Guarda che i pirati sono solo maschi.

Non è vero.

Sì che è vero.

Non è vero!

 

Valeria era risoluta e dal piglio battagliero, brandiva la sua sciabola di plastica con le stelle filanti che le erano finite sulle spalle sfidando il cerchio di ragazzini paranoici che avevo fomentato mio malgrado. Chiaro che non esistono, aveva perfino detto il tizio vestito da Zorro, hai sbagliato tutto. Forse il rifiuto di quello che doveva essere l’amore della sua settimana (anche lei probabilmente iniziava allora a fare i conti con le imposizioni sociali sull’espressione della femminilità) fu troppo: la piratessa in questione mollò la sciabola, si sfilò la bandana rossa e corse in lacrime tra le braccia di una delle maestre, quella più grassa, sbavandole il grembiule di cerone nero che simulava le occhiaie.

 

Ora, vent’anni dopo, Valeria, voglio chiederti scusa pubblicamente: come mi succederà di ammettere più di una volta negli anni a venire davanti alle altre ragazze che avrò avuto, avevi ragione tu.
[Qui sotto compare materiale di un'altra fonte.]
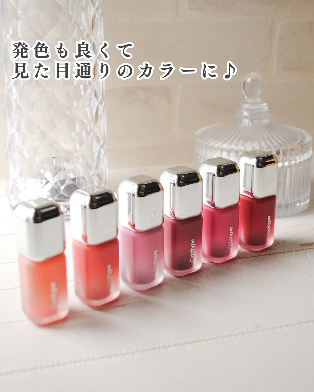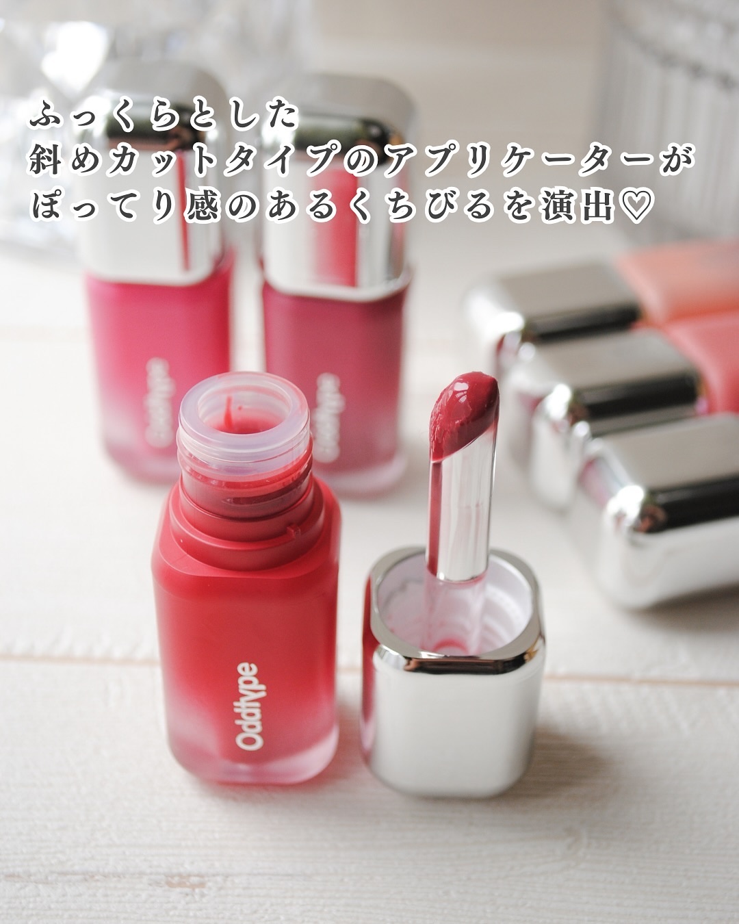 oddtypeは、2024年10月に日本上陸。 あの”MUSINSA”のビューティブランド✨ ボリューム感のあるぷるっぷるの艶ティント💋 斜めカットのブラシが珍しいの! ぷっくりとしたボッテリ感が可愛すぎる…❤️🔥 バラエティショップで購入できるので、チェックしてみてねーー♡

Le donne pirata erano esistite e anzi, non avevano niente da invidiare ai loro colleghi maschi.

Il ribaltamento letterario che è stato operato sui pirati è affascinante e insieme curioso. Ancora oggi non riesco a pensare a niente di più affascinante che questi condottieri disperati, con un codice morale che andava eseguito alla perfezione ma allo stesso tempo discutibilissimo, che non si facevano scrupoli nello stuprare, nell’uccidere a sangue freddo, nel macchiarsi di azioni orrende. Insomma erano fuorilegge senza poesia, senza accenni di romanticismo, senza ideali che non fossero l’amore per il denaro, che facevano una vita orribile e scomodossima, ma che sono diventati malgrado la verità simboli eroici di avventure da vivere, di libertà, di tutta una suggestione caraibica che odora di rum, e di isole del tesoro, e di postriboli pieni di lanterne nei porti segreti nelle insenature di Haiti. E ancora dovevano arrivare Hook, One Piece, Jonny Depp e Dj Francesco. Tutto quello che per anni ho saputo dei pirati era rimasto a Salgari, alla tragica Didone e a Peter Pan e al ticchettio sfibrante di un orologio che era stato ingoiato da un alligatore. Poi, siccome nella mia vita le cose sono cambiate spesso a causa dei libri che mi capitava di leggere, è stato grazie a Storia generale dei pirati, del capitano Charles Johnson, per qualcuno nient’altro che lo psedunonimo di Daniel Defoe (che molti ricorderanno per tutta la pippa liceale sull’homo oeconomicus del suo Robinson Crusoe o per la più famosa canzone piratesca: Fifteen men on the dead man’s chest — Yo-ho-ho, and a bottle of rum!) che ho conosciuto per la prima volta la favolosa storia di Anne Bonny, insieme a quelle di tutti gli altri, Barbanera col suo vezzo di bere liquori e polvere da sparo, Henry Morgan e la sua base alla Tortuga, William Kidd e il suo cadavere ricoperto di catrame che per due anni ha oscillato su una sponda del Tamigi, a monito futuro.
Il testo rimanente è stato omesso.